» **Material shown**
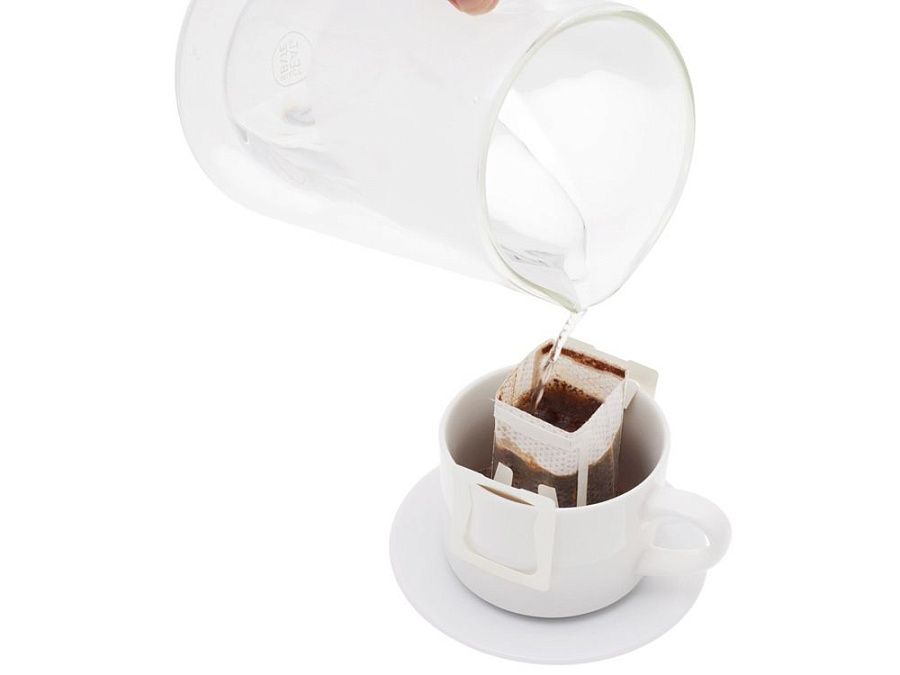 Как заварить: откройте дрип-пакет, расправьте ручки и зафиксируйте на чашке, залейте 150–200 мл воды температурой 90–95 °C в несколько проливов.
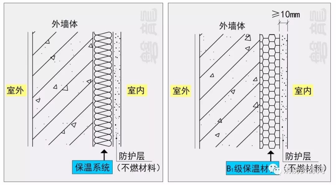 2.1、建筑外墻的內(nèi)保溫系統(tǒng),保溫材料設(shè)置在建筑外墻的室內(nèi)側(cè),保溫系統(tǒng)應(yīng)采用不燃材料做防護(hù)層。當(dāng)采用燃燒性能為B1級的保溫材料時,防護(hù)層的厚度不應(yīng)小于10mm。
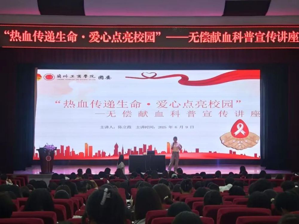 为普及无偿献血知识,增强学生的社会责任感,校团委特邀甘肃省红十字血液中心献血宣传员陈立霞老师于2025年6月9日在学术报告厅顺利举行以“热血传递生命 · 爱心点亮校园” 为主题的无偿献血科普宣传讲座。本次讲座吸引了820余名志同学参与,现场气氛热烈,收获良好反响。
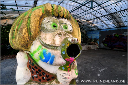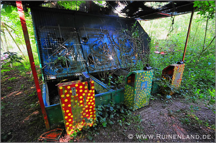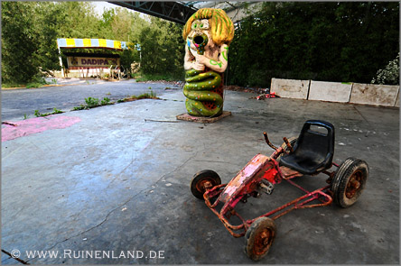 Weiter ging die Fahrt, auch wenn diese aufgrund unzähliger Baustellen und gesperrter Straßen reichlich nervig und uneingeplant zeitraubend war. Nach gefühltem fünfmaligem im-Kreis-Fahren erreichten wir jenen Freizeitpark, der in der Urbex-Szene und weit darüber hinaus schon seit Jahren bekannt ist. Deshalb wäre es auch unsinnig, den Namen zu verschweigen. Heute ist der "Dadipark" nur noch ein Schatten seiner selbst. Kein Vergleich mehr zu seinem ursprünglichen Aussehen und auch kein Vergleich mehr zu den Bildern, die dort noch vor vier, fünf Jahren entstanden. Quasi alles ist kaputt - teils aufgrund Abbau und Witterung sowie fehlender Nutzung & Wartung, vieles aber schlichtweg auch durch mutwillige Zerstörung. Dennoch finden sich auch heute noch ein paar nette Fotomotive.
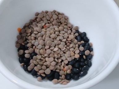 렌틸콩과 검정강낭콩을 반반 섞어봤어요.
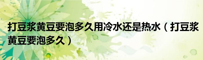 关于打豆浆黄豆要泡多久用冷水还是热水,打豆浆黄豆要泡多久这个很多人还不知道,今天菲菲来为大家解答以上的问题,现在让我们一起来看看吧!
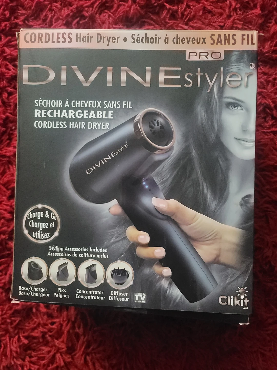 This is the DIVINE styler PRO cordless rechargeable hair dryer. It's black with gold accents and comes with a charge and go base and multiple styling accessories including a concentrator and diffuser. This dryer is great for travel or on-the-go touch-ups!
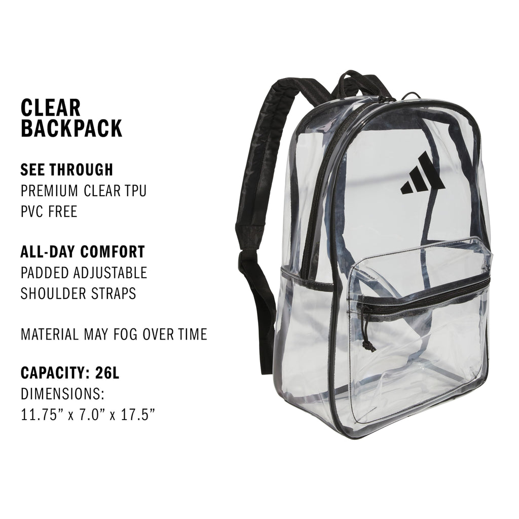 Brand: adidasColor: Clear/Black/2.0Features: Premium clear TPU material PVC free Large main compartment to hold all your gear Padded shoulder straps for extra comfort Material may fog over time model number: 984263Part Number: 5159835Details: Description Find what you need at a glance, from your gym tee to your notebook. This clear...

* * *

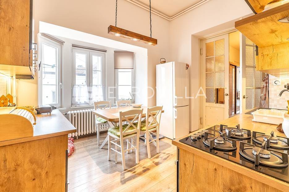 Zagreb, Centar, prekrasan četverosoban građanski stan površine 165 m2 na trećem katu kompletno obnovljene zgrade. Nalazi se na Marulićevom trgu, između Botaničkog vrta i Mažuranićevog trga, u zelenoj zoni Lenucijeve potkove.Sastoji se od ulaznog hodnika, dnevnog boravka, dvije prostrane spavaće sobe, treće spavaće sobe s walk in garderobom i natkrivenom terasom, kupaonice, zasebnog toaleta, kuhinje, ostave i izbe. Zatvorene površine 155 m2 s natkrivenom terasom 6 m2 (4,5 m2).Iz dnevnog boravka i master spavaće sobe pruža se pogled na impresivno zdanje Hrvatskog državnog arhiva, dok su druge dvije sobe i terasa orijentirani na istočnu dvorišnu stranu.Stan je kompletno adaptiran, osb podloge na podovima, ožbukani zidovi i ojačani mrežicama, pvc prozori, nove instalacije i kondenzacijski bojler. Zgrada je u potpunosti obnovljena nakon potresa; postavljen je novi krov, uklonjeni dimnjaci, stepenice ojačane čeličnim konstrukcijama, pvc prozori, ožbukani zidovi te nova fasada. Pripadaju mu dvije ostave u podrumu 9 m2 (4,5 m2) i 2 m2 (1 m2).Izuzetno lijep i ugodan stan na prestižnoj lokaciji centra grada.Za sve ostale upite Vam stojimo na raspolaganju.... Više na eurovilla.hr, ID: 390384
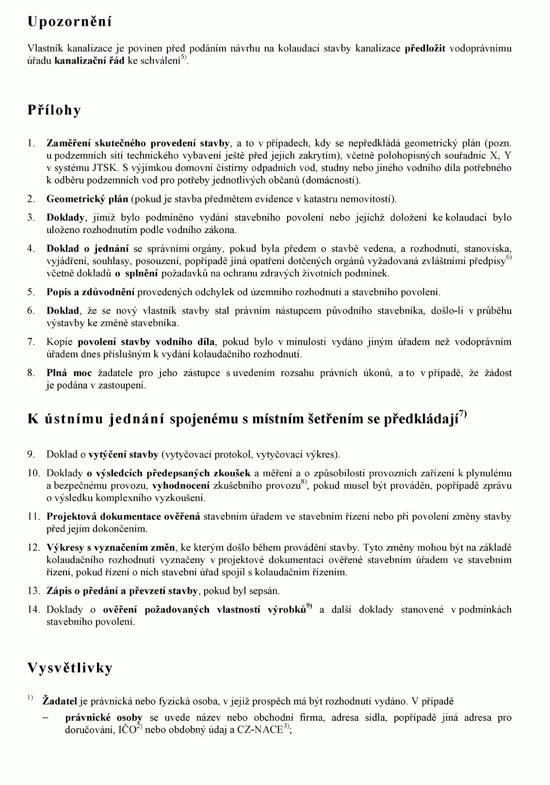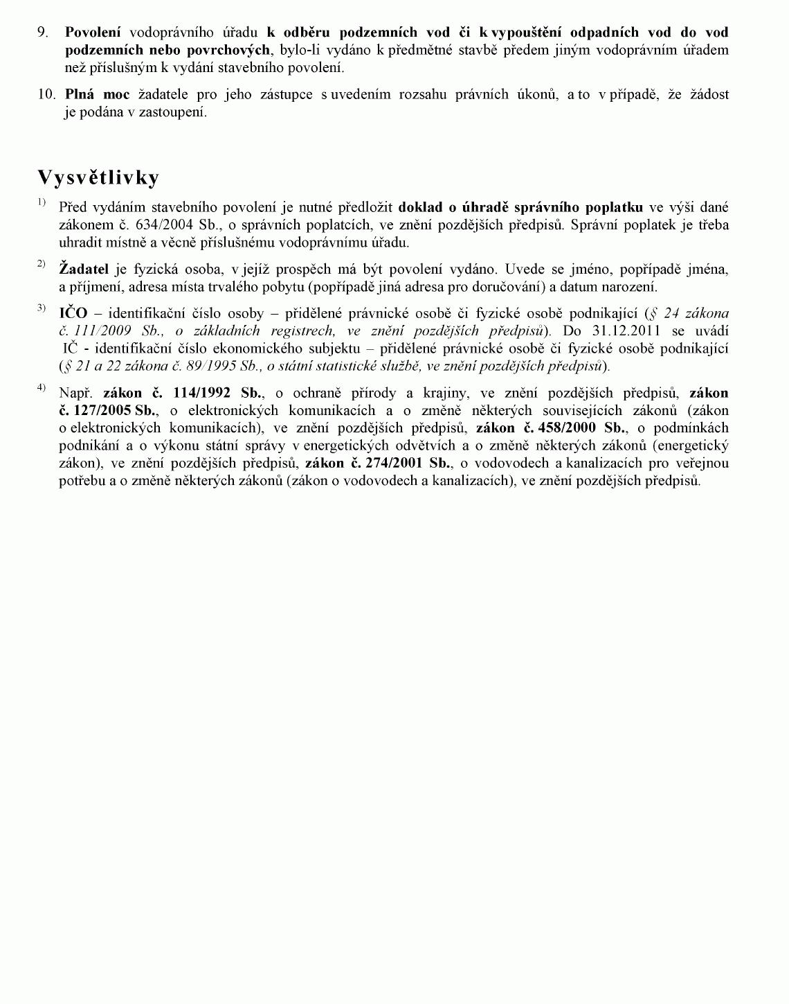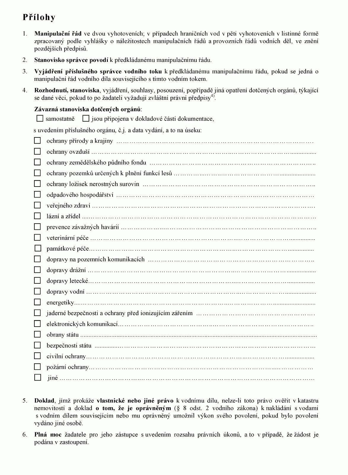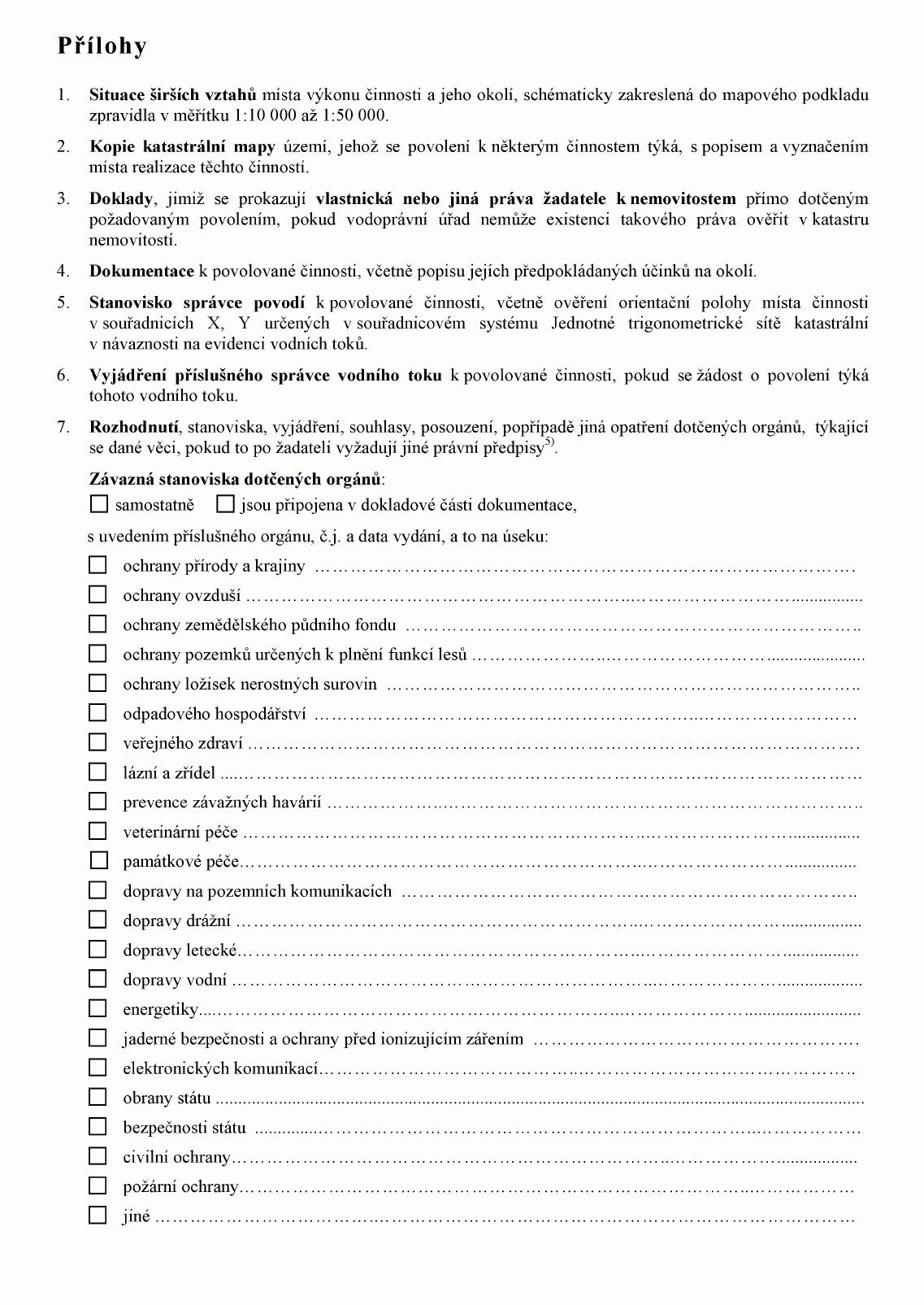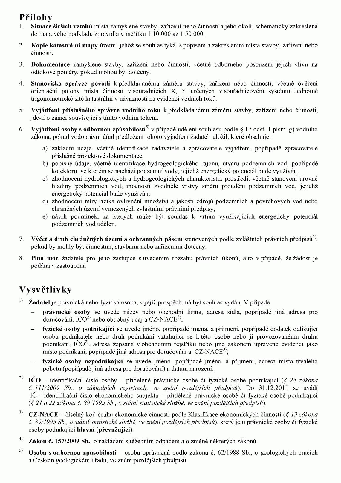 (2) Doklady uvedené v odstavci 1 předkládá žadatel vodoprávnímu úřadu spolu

* * *

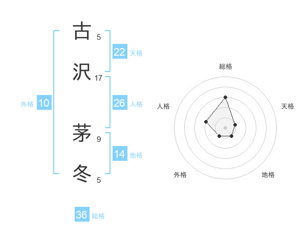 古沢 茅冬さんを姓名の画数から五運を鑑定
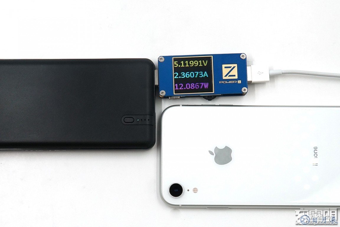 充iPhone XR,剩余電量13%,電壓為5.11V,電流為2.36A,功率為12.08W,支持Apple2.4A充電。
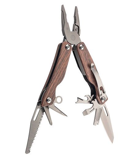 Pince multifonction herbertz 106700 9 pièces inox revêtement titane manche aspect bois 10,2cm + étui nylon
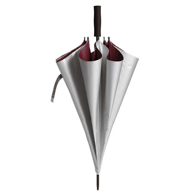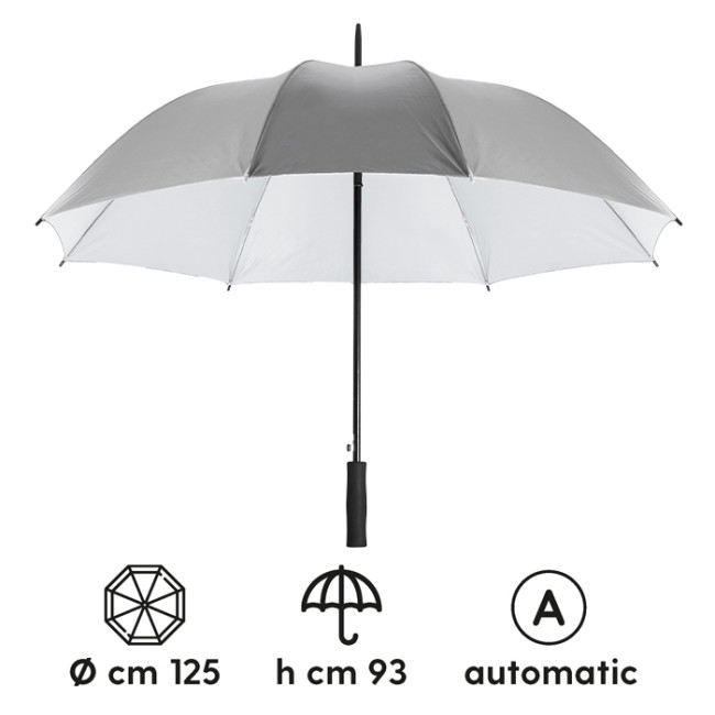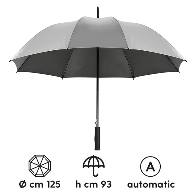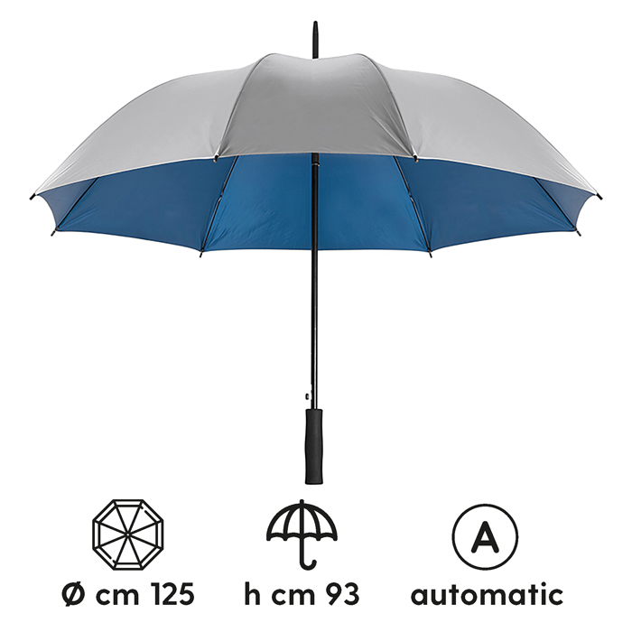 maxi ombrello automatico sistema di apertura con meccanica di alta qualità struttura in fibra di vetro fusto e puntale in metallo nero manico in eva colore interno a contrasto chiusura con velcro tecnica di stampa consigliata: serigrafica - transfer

» **Instructions for the task**
Only one part of the listing is wanted: the lines from the one containing "Как заварить: откройте" through the one containing "2.1、建筑外墻的內(nèi", both included. Please transcribe it exactly, leaving out the pictures.

» **Exercise result**
 Как заварить: откройте дрип-пакет, расправьте ручки и зафиксируйте на чашке, залейте 150–200 мл воды температурой 90–95 °C в несколько проливов.
 2.1、建筑外墻的內(nèi)保溫系統(tǒng),保溫材料設(shè)置在建筑外墻的室內(nèi)側(cè),保溫系統(tǒng)應(yīng)采用不燃材料做防護(hù)層。當(dāng)采用燃燒性能為B1級的保溫材料時,防護(hù)層的厚度不應(yīng)小于10mm。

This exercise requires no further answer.